Figure 2 Complexity of haplotype determination in diploid organisms. A segment of continuous sequence from a human subject has two SNP sites, position 249 G/A and position 264 A/C. There are four possible combinations of two SNPs representing four possible haplotypes. All four haplotypes or only a subset may be represented in the human population. Further analysis is needed to determine the true haplotypes of this subject
3.5. Verifying rare genetic variants
The advantage of polymorphism discovery studies on a large number of samples is being able to identify rare variants in the population. However, genetic variants observed only once should be verified through reamplification from original gDNA template followed by sequencing to rule out the possibility of Taq polymerase induced or other sequence analysis errors.
3.6. SNP haplotype assembly
Because of the predominant diploid character of the human genome (see above), SNP identification in fragmented sequences introduces an algorithmic problem for assembly of multiple SNP genotypes into true haplotypes. If there are two or more SNPs in a fragment of genomic sequence, it is impossible to determine the haplotype just from that sequence.The most reliable method for delineating haplotypes is to clone a DNA fragment containing multiple SNP sites into a bacterial plasmid vector. After transformation of cloned vector into bacteria, a single colony representing the sequence from one chromosome can be chosen for sequencing. (see Griffiths et al., 1996, pp. 424-432). The sequence of the fragment representing the other chromosome can be accurately inferred on the basis of the sequenced chromosome fragment. When multiple individuals are studied, haplotyping each individual using the cloning method is time consuming and costly. In such cases, algorithms that statistically infer haplotypes may be a more efficient approach (Table 2). When the number of individuals is large or family data exists, such statistical inference can be reasonably accurate (Salem et al., 2005).

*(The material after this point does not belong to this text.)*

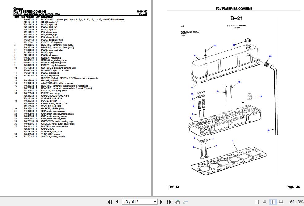 Gleaner Combine F2 F3 Series Parts Catalog 79014390

Polymorphism discovery relies heavily on sequencing-based methods of detection as presented here, however, other nonsequencing-based alternatives have been used. For example, the denaturing high-performance liquid chromatography (dHPLC) method, which utilizes the different mobility of homo- versus heteroduplexes of PCR amplicons during liquid chromatography under partial denaturing conditions, has successfully been employed for SNP discovery (Han et al., 2004). Such nonsequence-based genotype detection methods must be followed up with sequencing to determine the actual sequence change of the variant. Once SNPs and other polymorphisms have been discovered, one of the alternate high- or moderate-throughput strategies for genotyping large numbers of individuals can be employed as these will be more efficient than direct sequencing when the investigator is interested in typing subjects at single polymorphic sites (reviewed in Kwok, 2001; Gut, 2001).